Я не слезала с автомобиля. К счастью, ко мне перешла часть медицинского персонала, работавшего со мной в Турции и в детских столовых. Старшим врачом был назначен мой большой друг — бывший врач моего отца Д. В. Никитин, с которым я работала в Ясной Поляне в организованной мной амбулатории и в начале войны в его Звенигородской больнице, женщина–врач, с которой я работала как сестра в санитарном поезде, и несколько сестер из турецкого отряда.
Команду — около 250 человек — я получила немедленно. Но самое трудное оказалось получить лошадей. Я пошла к начальнику транспорта.
— Мне нужно срочно получить 300 лошадей, — говорю я ему. — По распоряжению главного уполномоченного отряд должен выйти на фронт через неделю.
Довольно неприятное его лицо покраснело, скривился рот от злости: «Лошадей нет! Я вам уже раз сказал…» Неприятный был человек.
— Должны быть!
— Это ваше дело! А лошадей нет! Сколько раз прикажете вам повторять, — он стал что–то писать, не обращая на меня внимания.
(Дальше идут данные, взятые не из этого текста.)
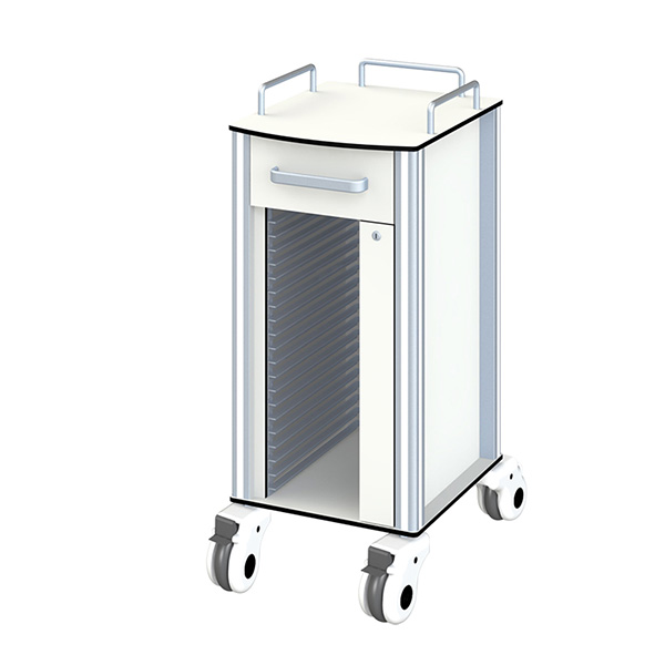一、产品名称 SKR719 病历夹车 二、产品参数 规格:380*400*1025mm 三、产品优势 1、整体采用抗倍特板制作,优异的稳定、持久、耐水、耐湿、耐热、耐侯、耐药、耐磨、耐冲击和易清洗维护等特性,外形美观。 2、采用三层主体结构设计,由台面、抽屉、病例夹存放区组成。台面左、右、后三面有不锈钢围栏,采用不锈钢圆管经专用弯管机弯制成型,圆弧角过度,美观大方,防止器械或药品掉落。台面下有一个抽屉,配优质静音滑轨,抽拉流畅顺滑,有效解决抽屉抽拉过程中容易滑出或阻滞的问题,抽屉可轻松取出。抽屉内采用模块化自由分隔式插片,可纵向横向任意组合分隔。 3、病历夹存放区共25格,每格病历夹存放位置均有相对应的标识序号,与相应的病历夹一一对应,避免发生错乱或查找不便,节约时间,提高工作效率,标识数字清晰、易于辨识;病历夹滑道抽拉自如,无阻滞感。 4、病历夹:ABS材质,无毒无异味、强柔韧性、耐用抗摔,可提供多种颜色供选择。 5、配医用静音万向脚轮4只,推动灵活、轻便,转向顺畅、准确,耐磨,耐药性好,带对角刹车,可随时随地在任意状态下轻松制动。 6、框架采用双T型槽铝合金型材,表面采用时效硬化工艺,强度高,重量轻,承重量大,整车稳固不变形,耐磨、抗腐蚀,外形美观精致。 更多 SKR719 病历夹车/病人推车 价格、说明、厂家,请关注医贸天下医疗器械网

— А я вам приказываю на основании распоряжения главного уполномоченного немедленно дать мне лошадей.
Я разозлилась да так хватила рукой по столу, не видя по близорукости иглу, на которую накалывают бумаги, что проткнула руку насквозь. Я вырвала иглу из руки, кровь залила письменный стол. Он перепугался.
— Что сделать? Как вам помочь? Вызвать доктора?
— Не надо. Дайте лошадей.
Лошадей я получила. Но это были полудикие степные киргизы. Пришлось их вместе с командой объезжать.
И вот я опять верхом на лошади. Подо мной небольшой, горячий пегий киргиз, не плохой, но хуже моего кавказского кабардинца Алагеза. Я еду, как полагается, впереди отряда.
Мне холодно, трясет, хотя воздух теплый — весна. Немного не доезжая Молодечно, останавливаемся в сосновом лесу. Пока команда разбивала палатки, я была уже почти без сознания. Меня трясло, болела голова, ломило все тело. Наконец уложили меня на койку. Сестры накрыли меня несколькими одеялами, поставили градусник. Больше 41°. Тропическая малярия. Наутро слабость, но надо идти дальше, и я опять на коне.
Отряд делится на летучки, которые идут в трех разных направлениях, база недалеко от Молодечно.
И началась работа. Привозили раненых и больных с передовых позиций, перевязывали и отправляли в тыл.